Parmi eux, Rosemay Wenehoua, 22 ans, originaire de Lifou. Si elle est déjà venue dans l’Hexagone, elle n’avait jamais mis les pieds dans la capitale. Quand on lui demande si c’est excitant ou effrayant, elle répond du tac au tac : "Les deux ! C’est grand, il y a plein de gens, c’est toujours en mouvement. J’avais peur au début de me perdre, mais ce n’est pas si mal, on apprend comme ça à retrouver son chemin."
Le temps file, elle doit partir à la gare, direction Montpellier où elle va suivre un master des sciences du langage. Là-bas, elle ne sera pas totalement perdue, car elle va retrouver sa sœur aînée qui l’héberge, en attendant qu’elle trouve un logement. Mais en attendant, elle stresse un peu : "J’appréhende le voyage en train car c’est la première fois que je le prends", souffle-t-elle.
Bino Chombeau, lui aussi originaire de Lifou, n’est pas non plus très à l’aise à l’idée de voyager en train. Alors qu’il devait réaliser un trajet avec une correspondance, il a finalement décidé de changer son billet à la dernière minute pour pouvoir prendre un train direct, quelques heures plus tard. La très grande majorité des jeunes Calédoniens n’ont en effet jamais pris le train et ont besoin d’être accompagnés.
"Ils m'ont aidé pour tout ce qui me manquait"
C’est pour cette raison que la Maison de la Nouvelle-Calédonie propose aux étudiants tout juste arrivés plusieurs ateliers, comme l’explique Francis Ixeko, adjoint au chef du service étudiant par intérim. "Il y a l’atelier logement pour les briefer sur la recherche de logement ; l’atelier train pour ceux qui prennent pour la première fois le train, dans lequel ils vont voir tous les types de transport qui peuvent exister en France."

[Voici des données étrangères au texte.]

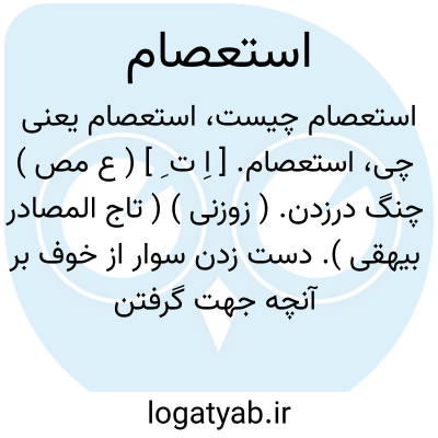 استعصام. [ اِ ت ِ ] ( ع مص ) چنگ درزدن. ( زوزنی ) ( تاج المصادر بیهقی ). دست زدن سوار از خوف بر آنچه جهت گرفتن سازند. ( منتهی الارب ). دست در چیزی زدن از خوف افتادن. || طلب عصمت کردن. || بازداشتن. ( منتهی الارب ). || بازایستادن. ( زوزنی ). واایستادن. واایستیدن. ( تاج المصادر بیهقی ).

Sont également organisés des ateliers pour s’inscrire à la sécurité sociale de l’Hexagone et à une mutuelle, ou encore pour créer un compte en banque.

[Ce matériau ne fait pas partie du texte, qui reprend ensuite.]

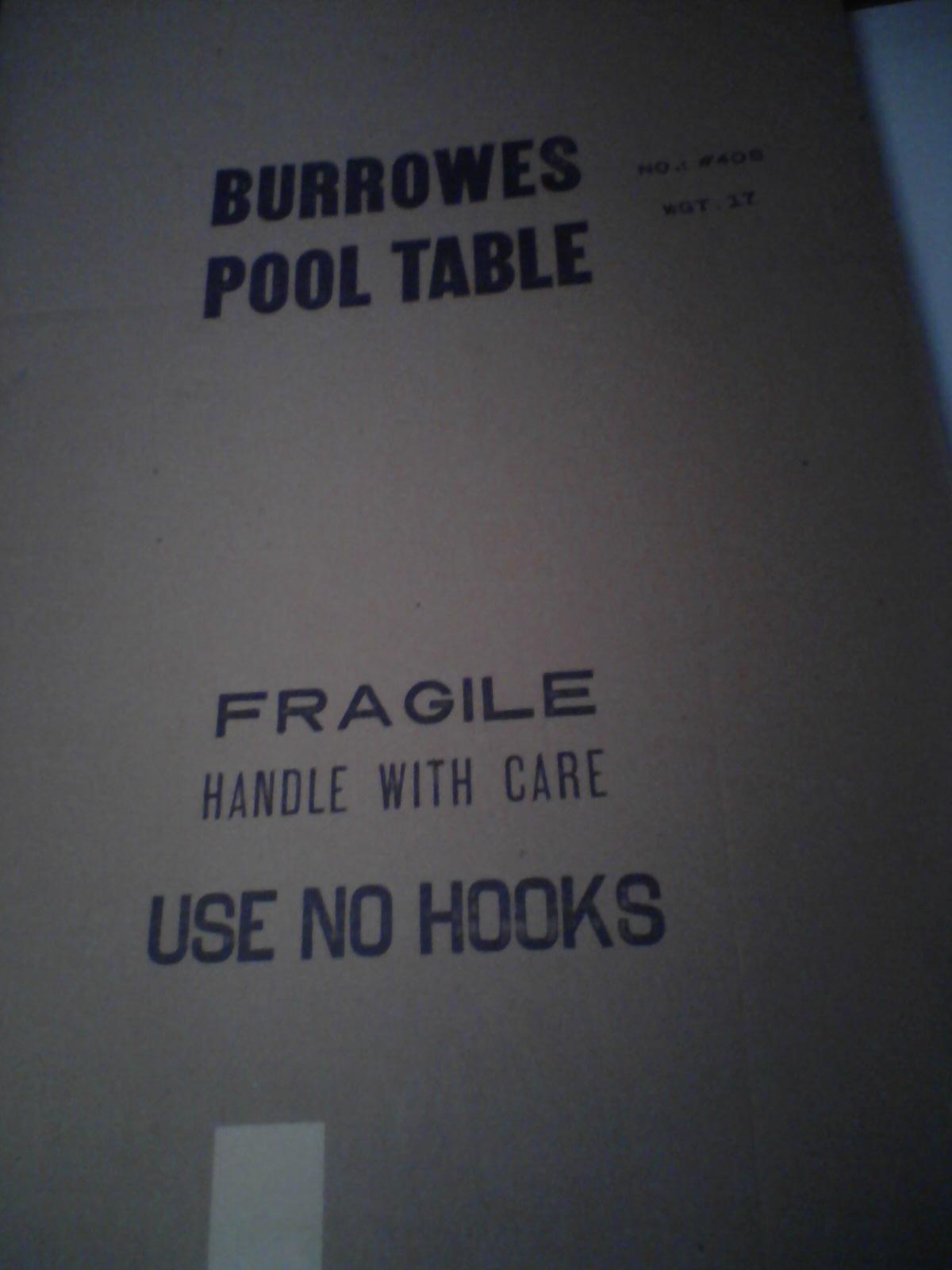 Burrowes corporation folding pool table. About 3 1/2 feet by 2 feet. Model number 405. Good condition. Have original box and instructions. Looks old.

Pour Thierry Ihage, 22 ans, c’est un soulagement "de fou" d’être ainsi entouré par la Maison de la Nouvelle-Calédonie dès son arrivée à l’aéroport : "Ils m’ont aidé pour le logement, ils m’ont donné beaucoup de contacts ; pour le compte en banque ; pour le train… Pour tout ce qui me manquait."

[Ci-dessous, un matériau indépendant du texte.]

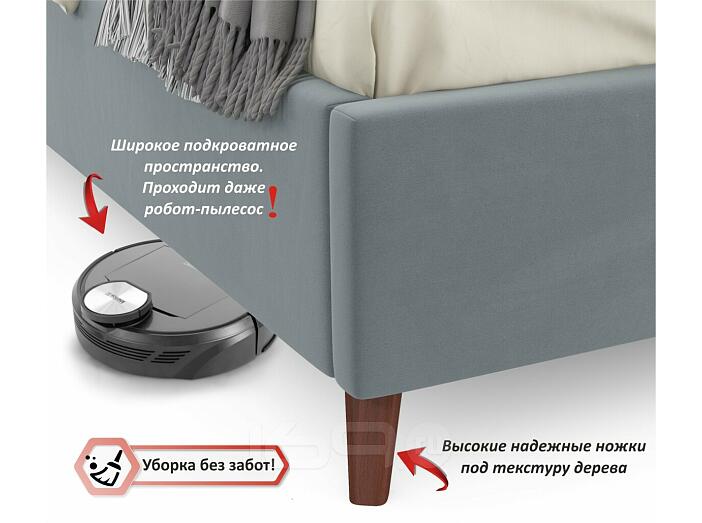 Кровать Betsi с матрасом велюр серый С П/М 1600x2000, ортопедическое основание, изголовье мягкое
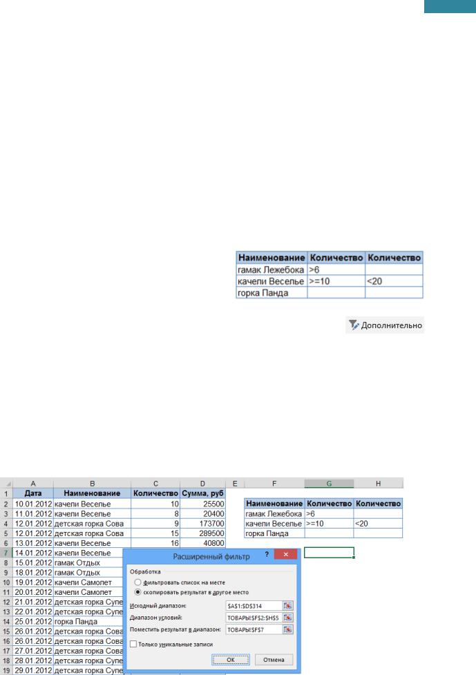 (условия фильтрации) [Criteria range] вместе с названиями столбцов (заголовками).

C’est aussi dans cet esprit de solidarité que la Maison de la Nouvelle-Calédonie "a embauché en job d’été des étudiants qui sont bien ancrés dans la vie métropolitaine et qui vont permettre d’opérer les transferts depuis l’auberge vers la gare de départ", poursuit l’adjoint au chef de service étudiant.
Ce matin, c’est Samuel qui doit emmener Thierry à la gare, tandis que les autres partiront un peu plus tard dans la journée. Un moment de retrouvailles pour les deux jeunes hommes qui se connaissent déjà : ils faisaient de la danse ensemble en Nouvelle-Calédonie.
"Ils vont être fous"
Une fois arrivés dans le métro, Samuel parle à Thierry de sa prise d’autonomie depuis qu’il étudie à La Rochelle. "Tu vas t’épanouir", lui assure-t-il.
En sortant du métro, Thierry, par ailleurs créateur de contenus, ne peut s’empêcher de filmer l’immense hall de la gare Montparnasse avec ses magasins et son dédale d’escalators pour en faire une story pour sa communauté : "C’est tellement différent, ils vont être fous quand ils verront la story", souffle-t-il.
L’heure du départ approche pour Thierry qui appréhende un peu cette nouvelle vie : "Ça fait peur à tout le monde, l’inconnu, reconnaît-il, philosophe. J’ai hâte d’être stable, de connaître la ville, d’aimer ce que je fais, d’avoir des amis sur qui compter."
Des amis, il en a déjà comme Samuel qui lui rappelle que La Rochelle n'est pas si loin de Bordeaux. La séparation ne sera que temporaire.